Rony masih diam. Memang benar tentang apa yang dikatakan Salma. Bahwa sekarang bukan lagi saatnya mereka sibuk menanyakan perasaan satu sama lain. Bukan saatnya mereka untuk saling menaruh keraguan. Karena kenyataannya, mereka sudah sejauh ini. Hidup mereka sudah sempurna. Lengkap dengan adanya dua buah hati mereka.
Selanjutnya yang terjadi adalah, dengan masih membawa kebisuannya, Rony berjalan ke arah kamar mereka. Kemudian masuk kedalamnya. Membuat Salma mengikuti suaminya itu. Ada banyak tanya didalam benak Salma. Apa Rony masih marah? Apa perkataannya belum juga bisa menenangkan Rony? Apa kehadiran Diman benar2 menggangunya?

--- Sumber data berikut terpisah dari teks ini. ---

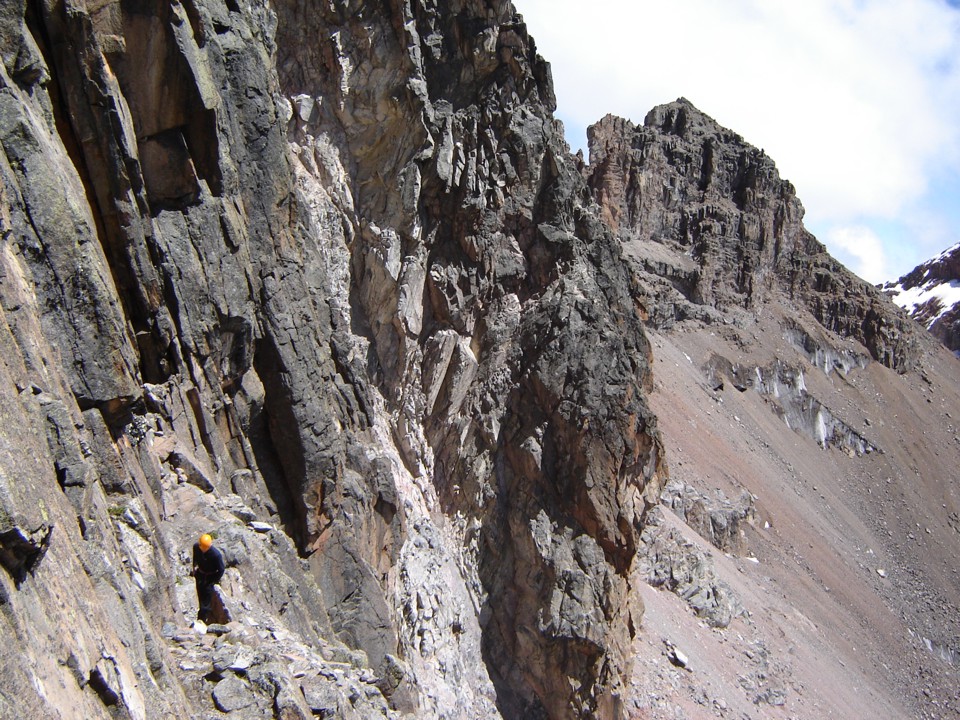 Zigzagging up ledges at the start of the route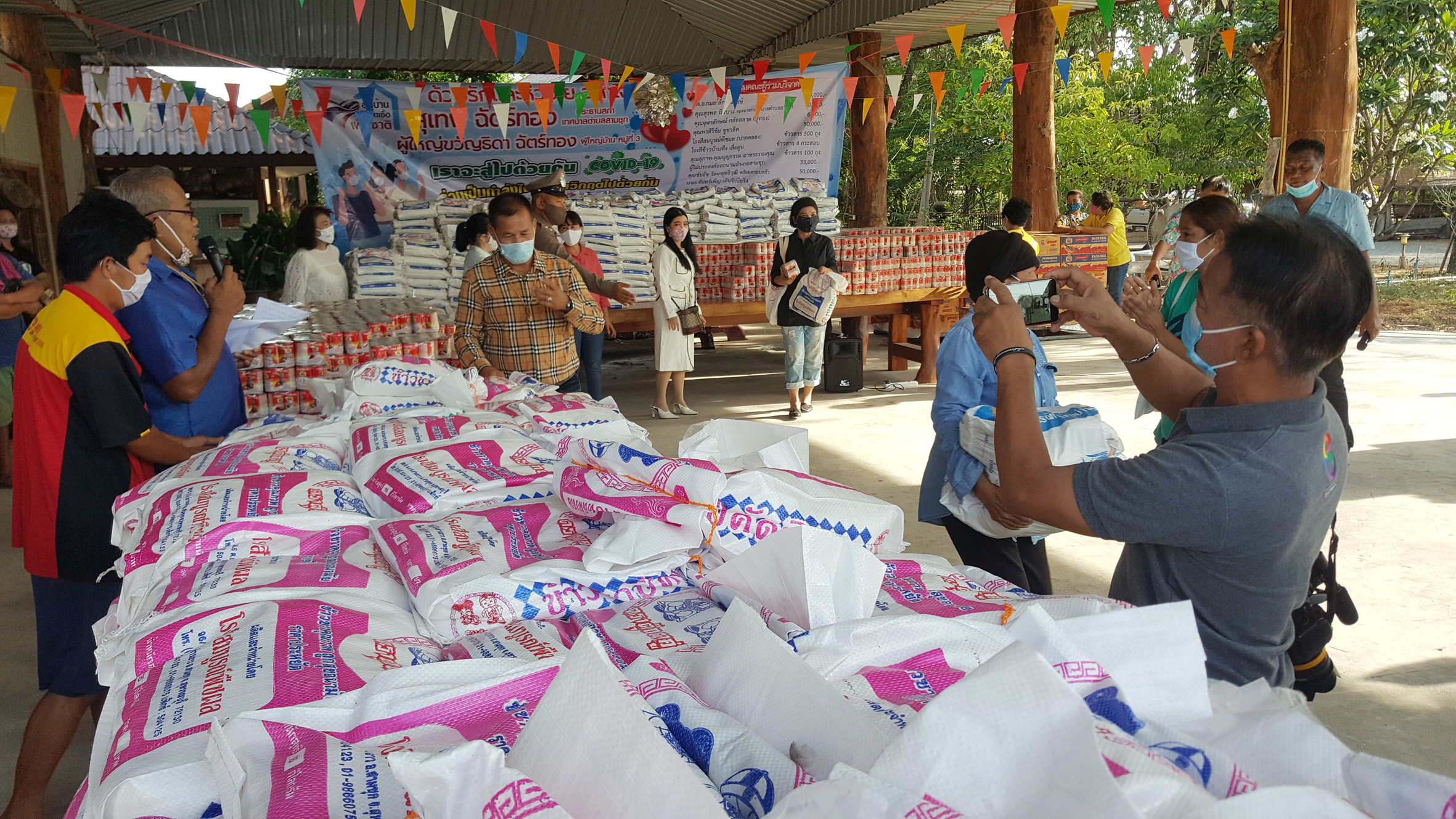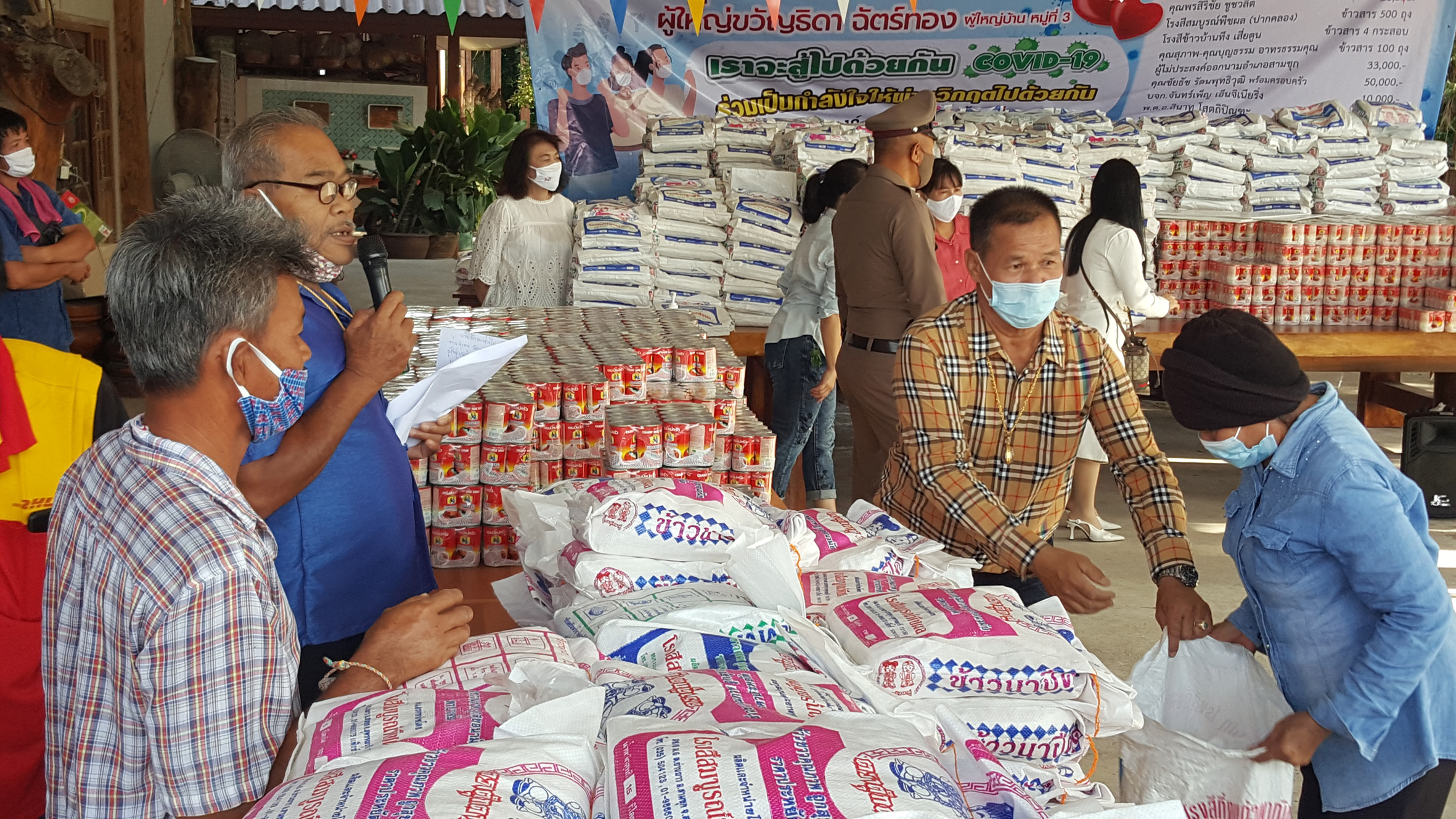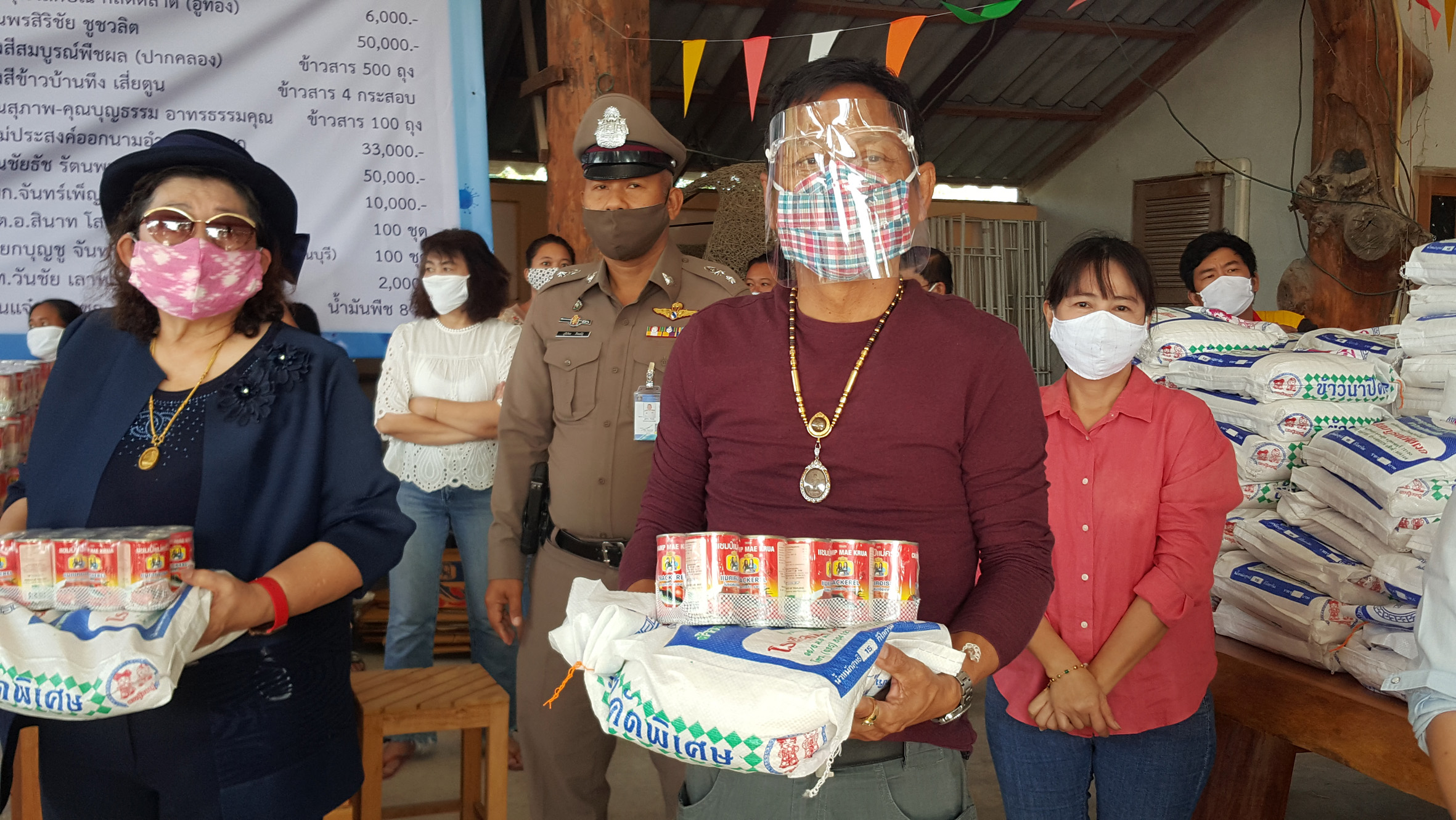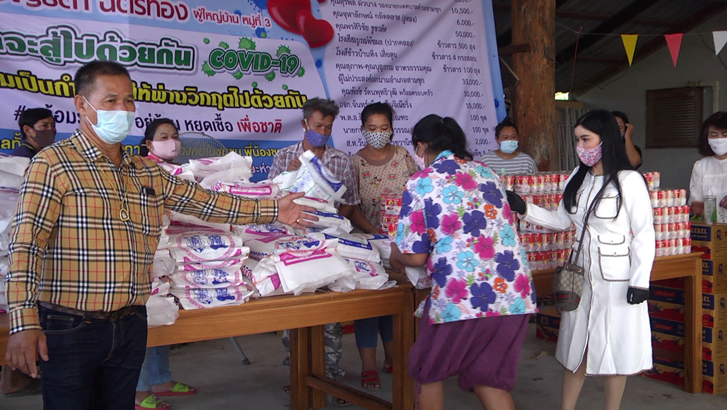 ซึ่งมี พ.อ.กมล ลักษณวงษ์ คุณจุฬาลักษณ์กลัดตลาด (อู่ทอง) คุณพรสิริชัย ชูชวลิต โรงสีสมบูรณ์พืชผล (ปากคลอง) โรงสีขาวบ้านทึง เสี่ยตูน คุณสุภาพ-คุณบุญธรรม อาทรธรรมคุณ คุณชัยรัช รัตนพุทธิวุฒิ พร้อมครอบครัว บจก.จันทร์เพ็ญ เอ็นจิเนียริ่ง พ.ต.อ.สินาท โสตถิปิณฑะนายกบุญชู จันทร์สุวรรณ(นายก อบจ.สุพรรณบุรี) ส.ท.วันชัย เลาหเวชวานิช และ ร้านแจ๋วสามชุก และผู้มีจิตศรัทราอีกหลายรายได้ร่วมกันบริจาคสิ่งของ เพื่อนำมาแจกให้พี่น้องประชาชนที่ได้รับผลกระทบจากปัญหาภัยไวรัสโควิด19ระบาด

Namun begitu Salma sampai didalam kamar, ia malah dibuat heran dengan tingkah suaminya yang tiba2 saja memberinya handuk.
"Ron, ini?" Tanya Salma bingung
"Mandi." Jawab Rony singkat
"Hah? Aku udah mandi, tadi." Balas Salma
"Mandi. Ada bekas Diman." Sahut Rony masih dengan ekspresi tanpa senyumnya
Mengerti maksud suaminya itu, Salma mengambil handuk dari tangan Rony dengan tertawa.
***
Yuhuu,, Im back!!
Maaf banget kalau banyak typo ya gais yaa
Selamat membaca..
Enjoy guyss:))
KAMU SEDANG MEMBACA
Salmon Familia
FanfictionKeluarga bahagia. Selamat menikmati keseharian sebuah keluarga kecil yang mungkin hanya akan kalian temui di sini, hahaa.. Just for fun ya guys:)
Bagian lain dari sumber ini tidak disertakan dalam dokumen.